En l’espèce, la charge de la preuve de l’information délivrée à la patiente incombe au défendeur. Or, aucun document écrit, signé par Madame [I], n’a été versé aux débats qui démontrerait qu’elle avait été informée du risque de fistule par le docteur [Y]. Par ailleurs, si le médecin invoque des présomptions et un faisceau d’indices, qu’il déduit de la chronologie des faits, son raisonnement ne saurait prospérer. S’il a bien rencontré la patiente à trois reprises (14 janvier 2016, 22 janvier 2016 puis 3 février 2016), l’annonce du diagnostic de cancer et la proposition d’intervention chirurgicale ont été faites au cours de la deuxième consultation, le 22 janvier 2016. Ainsi, ce sont seulement douze jours qui se sont écoulés entre la consultation au cours de laquelle la proposition d’intervention chirurgicale lui a été faite et l’intervention ; dans ce laps de temps, le docteur [Y] n’a pas revu sa patiente. Le courrier adressé au médecin traitant à l’issue de la consultation du 22 janvier 2016 mentionne certes une information délivrée oralement sur les risques opératoires, mais l’expert a retenu que le docteur [Y] lui-même reconnaissait que cette information n’avait pas été exhaustive et n’avait pas porté sur le risque particulier de fistule vésico-vaginale. Enfin, la circonstance que la patiente ait revu son médecin traitant dans l’intervalle – outre qu’elle n’est nullement établie – est indifférente, l’information sur le risque de fistule devant avoir été délivrée par le Docteur [Y].

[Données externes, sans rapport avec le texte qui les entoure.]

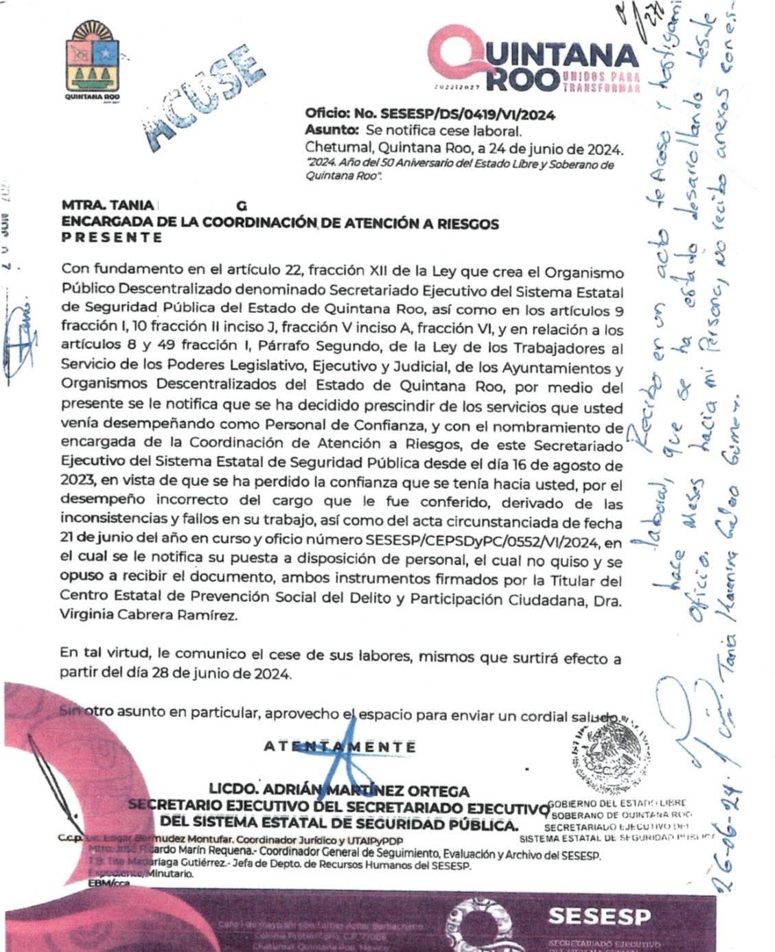 De acuerdo con el expediente, la denuncia fue presentada el 29 de junio de 2024, apenas cinco días después de que la denunciante fuera notificada de su cese como encargada de la Coordinación de Atención a Riesgos, mediante oficio firmado por el titular del SESESP, Adrián Martínez Ortega. Los funcionarios señalados en la querella fueron identificados como J. Ricardo y Virginia C., ambos con cargos directivos en la institución. Durante la investigación, la Fiscalía recabó declaraciones de testigos y personal administrativo, quienes coincidieron en que no hubo conductas inapropiadas ni situaciones de hostigamiento, respaldando la versión institucional del organismo.

Sur les préjudices des demandeurs
Le non-respect, par un professionnel de santé, de son devoir d’information sur les risques d’un acte individuel de soins, cause à celui auquel l’information était due, lorsque l’un de ces risques s’est réalisé, un préjudice moral distinct des atteintes corporelles subies, résultant d’un défaut de préparation à l’éventualité que ce risque survienne. Le préjudice d’impréparation est un préjudice spécifique et distinct de l’indemnisation au titre de la perte d’une chance.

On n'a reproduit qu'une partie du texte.